## Data excerpts
- - -

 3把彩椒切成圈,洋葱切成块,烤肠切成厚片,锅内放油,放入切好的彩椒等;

- - -

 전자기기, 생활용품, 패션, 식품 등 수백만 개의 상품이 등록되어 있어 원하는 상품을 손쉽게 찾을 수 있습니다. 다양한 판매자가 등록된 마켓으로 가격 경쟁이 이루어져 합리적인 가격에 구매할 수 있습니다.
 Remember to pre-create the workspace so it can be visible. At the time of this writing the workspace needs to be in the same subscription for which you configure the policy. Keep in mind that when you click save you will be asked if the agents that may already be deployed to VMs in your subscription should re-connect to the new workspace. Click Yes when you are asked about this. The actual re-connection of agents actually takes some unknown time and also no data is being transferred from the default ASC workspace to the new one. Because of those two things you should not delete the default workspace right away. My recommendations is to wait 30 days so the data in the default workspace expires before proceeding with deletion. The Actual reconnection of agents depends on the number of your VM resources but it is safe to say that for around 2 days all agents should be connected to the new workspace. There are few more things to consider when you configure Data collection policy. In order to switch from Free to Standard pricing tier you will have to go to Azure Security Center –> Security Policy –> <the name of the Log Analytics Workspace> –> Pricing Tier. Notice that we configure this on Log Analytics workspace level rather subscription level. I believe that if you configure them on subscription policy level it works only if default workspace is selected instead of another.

- - -

## Task directions
Restate word for word the lines of the data above, starting at the line containing "전자기기, 생활용품, 패션, 식품" and ending at the line containing "Remember to pre-create", both included, and nothing more.

## Problem solution
 전자기기, 생활용품, 패션, 식품 등 수백만 개의 상품이 등록되어 있어 원하는 상품을 손쉽게 찾을 수 있습니다. 다양한 판매자가 등록된 마켓으로 가격 경쟁이 이루어져 합리적인 가격에 구매할 수 있습니다.
 Remember to pre-create the workspace so it can be visible. At the time of this writing the workspace needs to be in the same subscription for which you configure the policy. Keep in mind that when you click save you will be asked if the agents that may already be deployed to VMs in your subscription should re-connect to the new workspace. Click Yes when you are asked about this. The actual re-connection of agents actually takes some unknown time and also no data is being transferred from the default ASC workspace to the new one. Because of those two things you should not delete the default workspace right away. My recommendations is to wait 30 days so the data in the default workspace expires before proceeding with deletion. The Actual reconnection of agents depends on the number of your VM resources but it is safe to say that for around 2 days all agents should be connected to the new workspace. There are few more things to consider when you configure Data collection policy. In order to switch from Free to Standard pricing tier you will have to go to Azure Security Center –> Security Policy –> <the name of the Log Analytics Workspace> –> Pricing Tier. Notice that we configure this on Log Analytics workspace level rather subscription level. I believe that if you configure them on subscription policy level it works only if default workspace is selected instead of another.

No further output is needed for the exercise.